▶ [Dataset section]:
↓
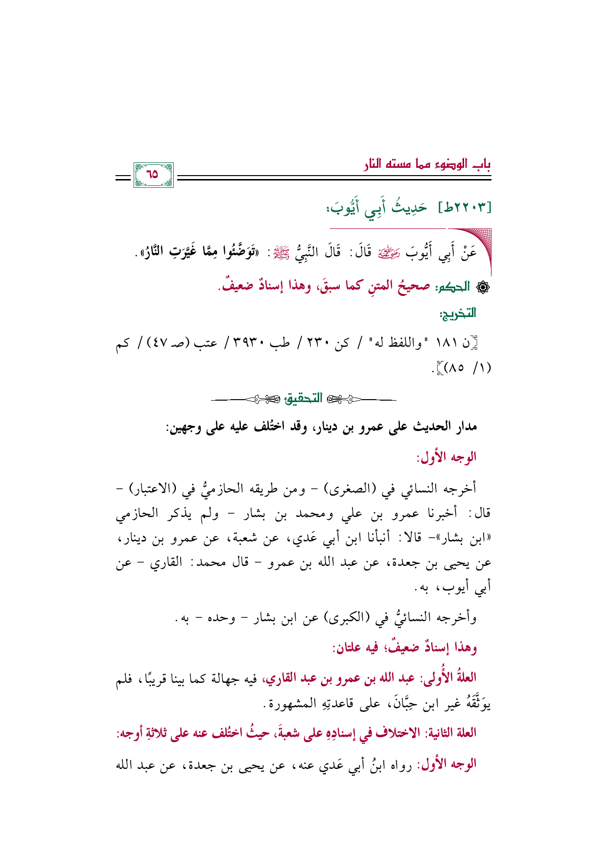◼ عَنْ أَبِي أَيُّوبَ رضي الله عنه قَالَ: قَالَ النَّبِيُّ صلى الله عليه وسلم: ((تَوَضَّئُوا مِمَّا غَيَّرَتِ النَّارُ)).
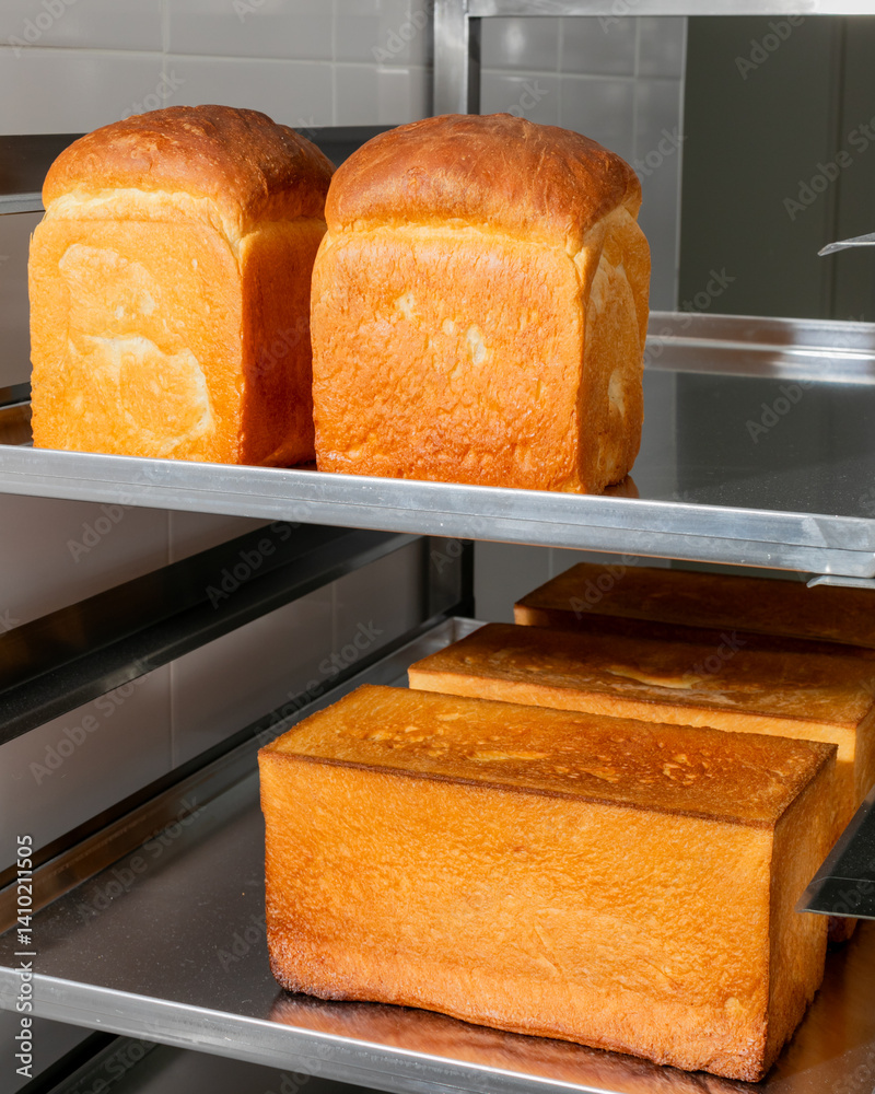 Freshly baked golden loaves of bread on cooling racks, evoking concepts of home baking and Thanksgiving feasts
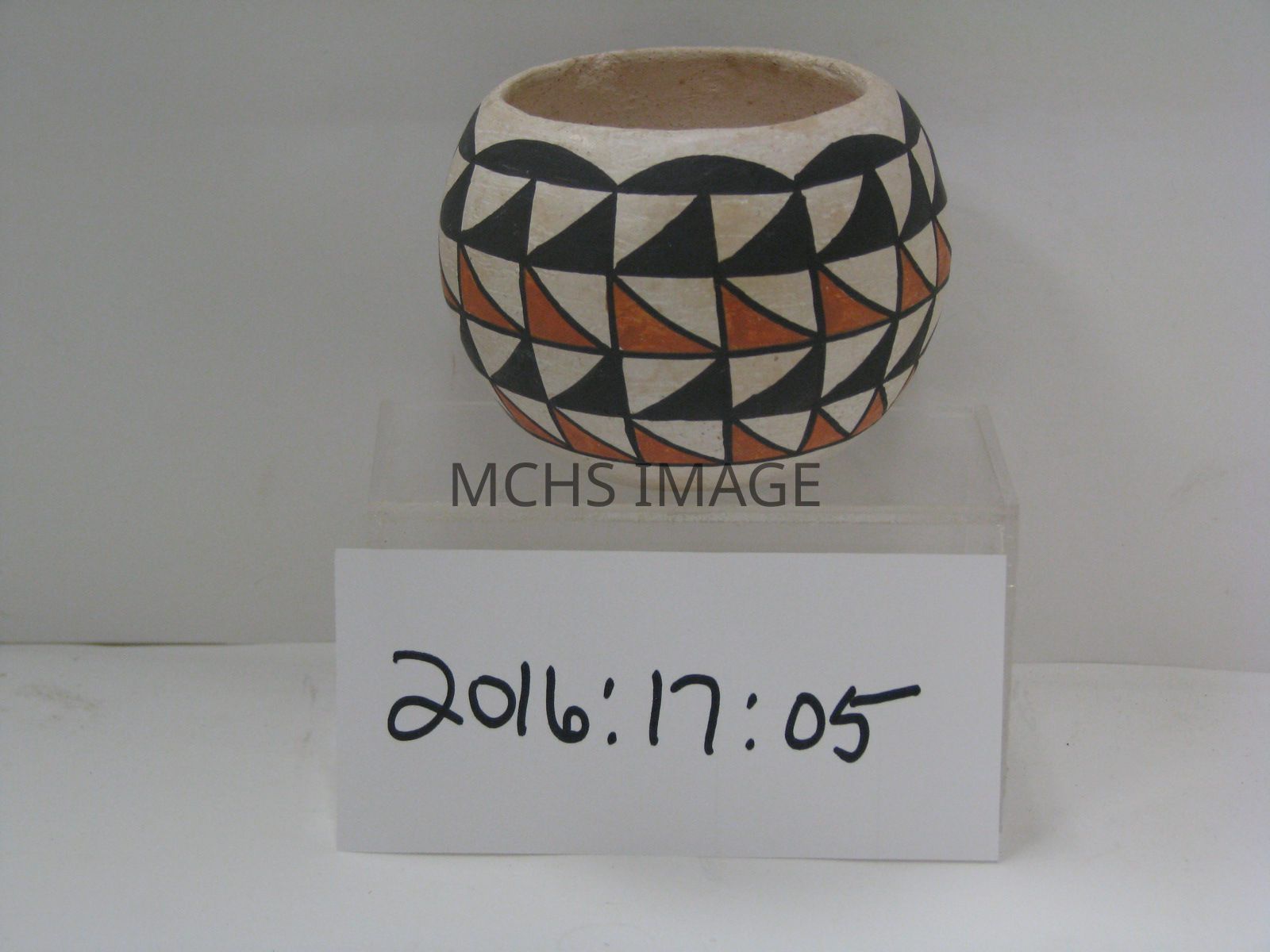 American pottery ceramic bowl, native american design, 3" diameter. On bottom "Acoma Sky City NM Vellma Vallo" (Item belonged to Duey & Gordon Buchanan)
↑
▶ [Work order]: Everything in the material above is to be reproduced exactly, pictures aside.

▶ [Solved problem]:
◼ عَنْ أَبِي أَيُّوبَ رضي الله عنه قَالَ: قَالَ النَّبِيُّ صلى الله عليه وسلم: ((تَوَضَّئُوا مِمَّا غَيَّرَتِ النَّارُ)).
 Freshly baked golden loaves of bread on cooling racks, evoking concepts of home baking and Thanksgiving feasts
 American pottery ceramic bowl, native american design, 3" diameter. On bottom "Acoma Sky City NM Vellma Vallo" (Item belonged to Duey & Gordon Buchanan)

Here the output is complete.